%I #8 Jul 20 2023 10:08:59
%S 1,1,19,721,49251,5370751,859748023,190320431953,55743765411043,
%T 20884452115700251,9745388924112505269,5543574376457462884111,
%U 3776677001062829977964007,3036161801705682492174749691,2844274879825369072829081331519
%N a(n) = [x^n] 1/(1 + x) * Legendre_P(n, (1 - x)/(1 + x))^(-1) for n >= 0.
%C Row 1 of A364298.
%C Compare with the Apéry numbers A005258, which are related to the Legendre polynomials by A005258(n) = [x^n] 1/(1 - x) * Legendre_P(n, (1 + x)/(1 - x)).

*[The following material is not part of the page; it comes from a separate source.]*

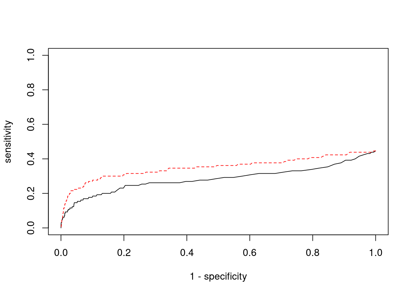 lines(1-specificity, sensitivity, xlim=c(0,1), ylim=c(0,1), col="red", lty=1)
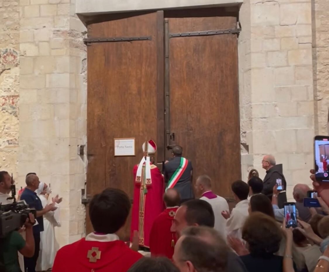 La porta è chiusa ma sarà possibile ottenere l’indulgenza recandosi nella basilica e seguendo le indicazioni della chiesa. E sarà possibile anche per i malati e gli anziani che non possono uscire di casa. Un dono straordinario per il sindaco che lo ha più volte sottolineato nel suo discorso.

%C A005258 satisfies the supercongruences
%C 1) u (n*p^r) == u(n*p^(r-1)) (mod p^(3*r))
%C and the shifted supercongruences
%C 2) u (n*p^r - 1) == u(n*p^(r-1) - 1) (mod p^(3*r))
%C for all primes p >= 5 and positive integers n and r.
%C We conjecture that the present sequence also satisfies the supercongruences 1) and 2).
%F Conjectures:
%F 1) 13*a(p) - 7*a(p-1) == 6 (mod p^5) for all primes p >= 3 (checked up to p = 101).
%F 2) for r >= 2, 13*a(p^r) - 7*a(p^r - 1) == 13*a(p^(r-1)) - 7*a(p^(r-1) - 1) (mod p^(3*r+3)) for all primes p >= 5.
%F 3) a(p)^13 == a(p-1)^7 (mod p^5) for all primes p >= 3 (checked up to p = 101).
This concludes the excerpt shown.